Open XuehaiPan opened this issue 3 years ago • 0 comments

Motivation

Task-level parallelization for multi-host multi-process optimization.

Batch-level parallelization can be implemented easily by wrapping the network (nn.Module) with:

torch.nn.DataParallel (single-host multi-GPUs) (SPMD)
torch.nn.parallel.DistributedDataParallel (multi-host multi-GPUs)

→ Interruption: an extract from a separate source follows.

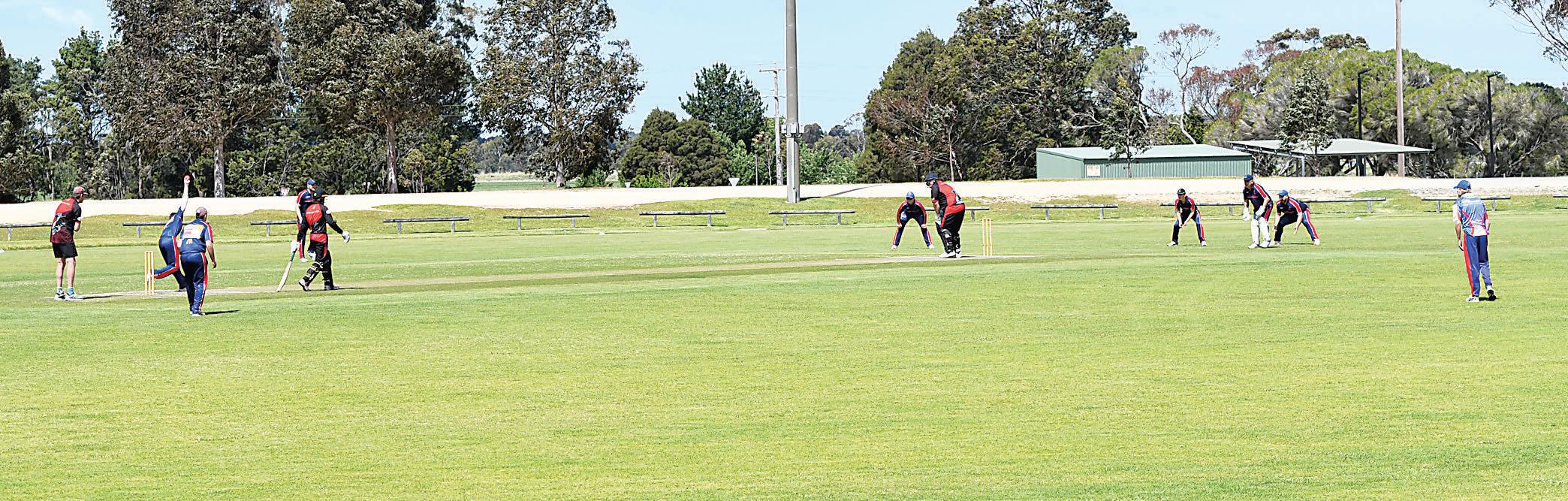 whose chase finished 102 runs short for Stratford’s score. TheSaintsstruggled to get going. Steve Noble providedsolid batting until hisdismissal for 19, and when Adrian Burgiel was stumped of Ethan Albrecht’s bowling, the visitors were 4-41. Madupa Fernando was unbeaten on 42, Jonathon Outhartscored27and Bolton 25 as BoisdaleBriagolong made 7-150 fromits 40 overs. Rietschel and NoahBennett each claimed two wickets for the Redbacks, who find themselves on top of the ladder. No result at Stephenson MAFFRA hadthe edgeofLongford before rain ended proceedings at Stephenson Park. Afterrestricting the Lizards to 7-102, Maffra was 2-58 when play was abandonedinthe 18th over, just short of the minimum number required to constitute amatch.

However, for algorithms that require task-level parallelization, non of the above solutions work. torch.nn.DataParallel and torch.nn.parallel.DistributedDataParallel are used for module-level parallelization. The wrapper will replicate the user module to multiple copies, then do the forward pass in parallel. For task-level parallelization, each task needs to maintain its own model parameters and (optional) training data. The module parameters may be different across tasks.

Solution

functorch.vmap + distributed data parallel optimization.

Alternatives

N/A

Additional context

Resources:

PyTorch:

Tutorial: PyTorch Distributed Overview
Tutorial: Distributed Data Parallel
API: Module level Data Parallel torch.nn.DataParallel (SPMD)
API: Module level Distributed Data Parallel torch.nn.parallel.DistributedDataParallel
API: PyTorch Distributed Optimizers torch.distributed.optim
API: Vectorization map functorch.vmap

JAX:

Tutorial: Named axes and easy-to-revise parallelism
API: Vectorization map jax.vmap
API: Parallel map jax.pmap (SPMD)
API (Experimental): jax.experimental.maps.xmap
Tutorial: Using JAX in multi-host and multi-process environments

Checklist

[X] I have checked that there is no similar issue in the repo (required)

Aug 10 '22 08:08 XuehaiPan